EXERCISE REQUIREMENTS:
Your output is the line containing "جانب من مباراة" plus all lines after it to the end of the records, reproduced exactly, with nothing else.

(Source records)
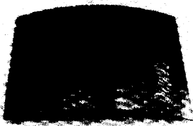
Fig. 1 Specimen with curvature

최근 신소재인 선진 복합 재료중 탄소 섬유 강화 플라스틱(이하 CFRP라고 한다.)은 비강도, 비강성이 높기 때문에 경량화가 요구되는 여러 분야, 즉 항공기, 인공위성, 원자로, 자동차 산업분야, 조선 산업분야 등 널리 사용되고 있다. 경량화가 요구되는 분야에 사용되는 구조 부재의 형상은 평판 보다는 다양한 형태의 곡면 형상을 띠는 셸(Shell)의 형상을 갖는다. 또한 이러한 구조물에 충격이 가해졌을 때 곡면을 갖는 구조물의 충격 응답 및 파괴형태는 평판과는 다른 양상을 보인다. 이런 현상을 관찰하기 위해 본 연구에서는 의 적층구성 및 곡률반경을 변화 시킨 CFRP 적층 Shell에 에어건을 사용하여 관통실험을 행하고 각 시험편에 대한 에너지 흡수 특성을 고찰하였다. 본 연구에 사용된 CFRP는 한국 화이바(주)의 CUI25NS이며 일방향을 가진 prepreg 이다. 시험편 적층 방법은 총 8ply [0/90 4 /0 2 ], [0/90 2 /0 2 /90 2 /0]로서 2계면 구조와 4계면 구조로 적층하였다. 시험편의 곡률 반경은 항공기 날개와 같은 일정한 곡률 반경 (R=∞, R=200, R=150, R=100)을 적용하였다. 시험편을 적층순서에 맞게 적층한 후 오토클레이브 성형기에 넣고 경화온도 130℃ 온도에서 약 90분간 경화 하였다. 제작된 시험편은 잔류응력이 발생되지 않게 다이아몬드 휠을 부착한 자동 정밀 절단기 (MICRACUT Precision Cutter)를 이용하여 100 ■ 140 크기로 절단 하였다. 실험 장치는 압축공기를 이용한 steel ball 발사 장치로, 압력 게이지 3, 4, 5, 6, 7 bar를 적용하여 지그에 고정된 시험편을 관통 시켰다. 시험편 관통 시 강구의 속도 측정에는 Ballistic - Screen sensor 로 측정하고 시험편 관통 전 속도와 관통 후 속도를 측정하였으며 충격에너지 흡수 능력을 평가하였다.
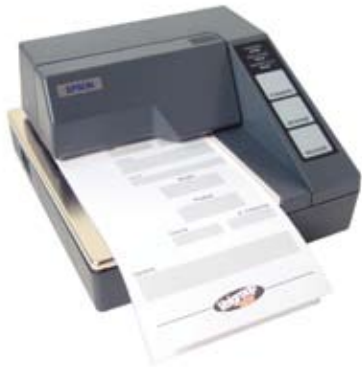
Stampante a talloncino, Epson (opzione)
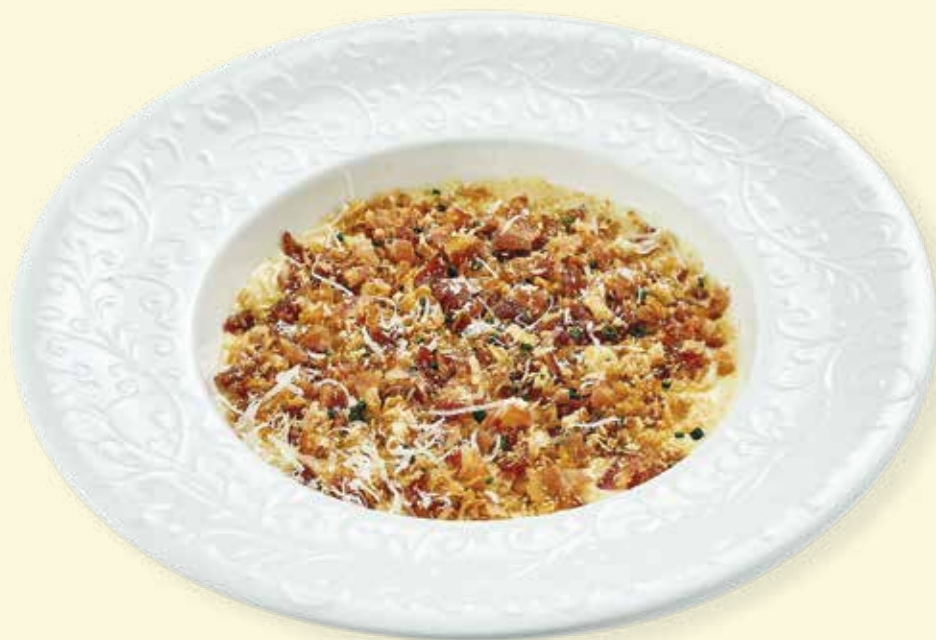
Сырный суп с пшеничной гранолой и беконом Cheese Soup with Granola and Bacon
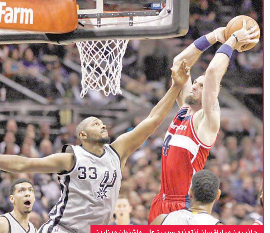
جانب من مباراة سان أنتونيو سبيرز على واشنطن ويزاردز

وحدا شيكاغو بولز حدو سبيرز وحقق فوزه الثاني على التوالي، عندما تغلب على ضيفه بوسطن سلتيكس 104-109 بعد التمديد على ملعب «يوناييتد سنتر» وأمام 21820 متفرج. وانتهى الوقت الأصلي بالتعادل 99-99، وقال أصحاب الأرض كلمتهم في الشوط الإضافي بعدما كسبوه بفارق 5 نقاط 5-10. وهو الفوز الثاني

EXERCISE RESPONSE:
جانب من مباراة سان أنتونيو سبيرز على واشنطن ويزاردز

وحدا شيكاغو بولز حدو سبيرز وحقق فوزه الثاني على التوالي، عندما تغلب على ضيفه بوسطن سلتيكس 104-109 بعد التمديد على ملعب «يوناييتد سنتر» وأمام 21820 متفرج. وانتهى الوقت الأصلي بالتعادل 99-99، وقال أصحاب الأرض كلمتهم في الشوط الإضافي بعدما كسبوه بفارق 5 نقاط 5-10. وهو الفوز الثاني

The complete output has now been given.